To Rev. J. H. Twichell, in Hartford:


Feb. 16, '05. DEAR JOE,--I knew I had in me somewhere a definite feeling about the President if I could only find the words to define it with. Here they are, to a hair--from Leonard Jerome: "For twenty years I have loved Roosevelt the man and hated Roosevelt the statesman and politician."

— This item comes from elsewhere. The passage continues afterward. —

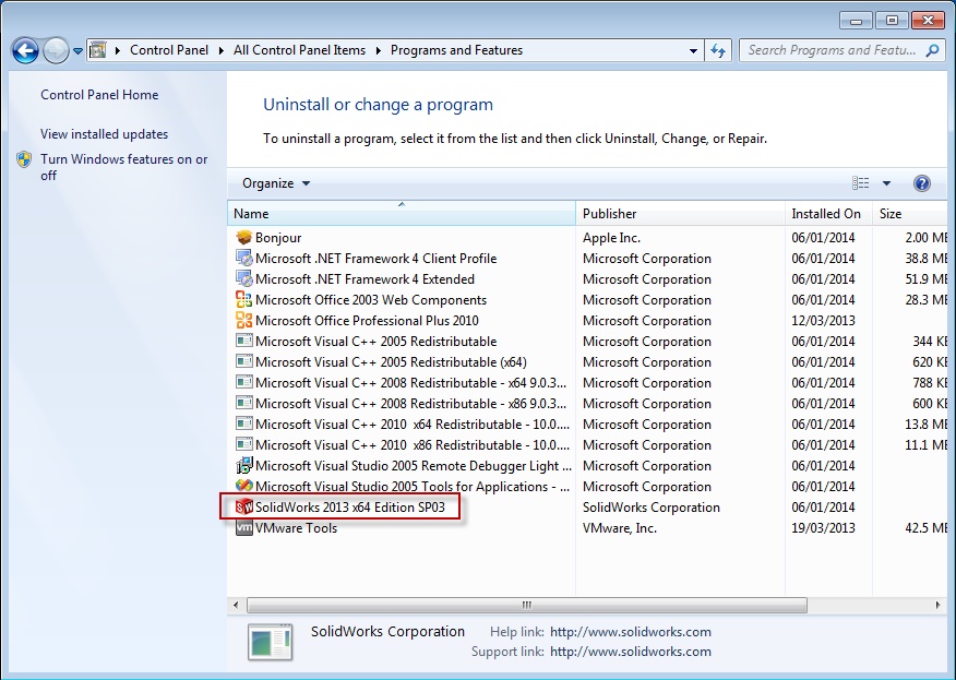 To do this, open your Windows Control Panel from the Start Menu, select the "Programs and Features" item, then locate SolidWorks in the list of programs. Make a note of the version and service pack number, then close the Control Panel window without making any changes.

It's mighty good. Every time, in 25 years, that I have met Roosevelt the man, a wave of welcome has streaked through me with the hand-grip; but whenever (as a rule) I meet Roosevelt the statesman and politician, I find him destitute of morals and not respectworthy. It is plain that where his political self and his party self are concerned he has nothing resembling a conscience; that under those inspirations he is naively indifferent to the restraints of duty and even unaware of them; ready to kick the Constitution into the back yard whenever it gets in the way; and whenever he smells a vote, not only willing but eager to buy it, give extravagant rates for it and pay the bill not out of his own pocket or the party's, but out of the nation's, by cold pillage. As per Order 78 and the appropriation of the Indian trust funds.


But Roosevelt is excusable--I recognize it and (ought to) concede it. We are all insane, each in his own way, and with insanity goes irresponsibility. Theodore the man is sane; in fairness we ought to keep in mind that Theodore, as statesman and politician, is insane and irresponsible.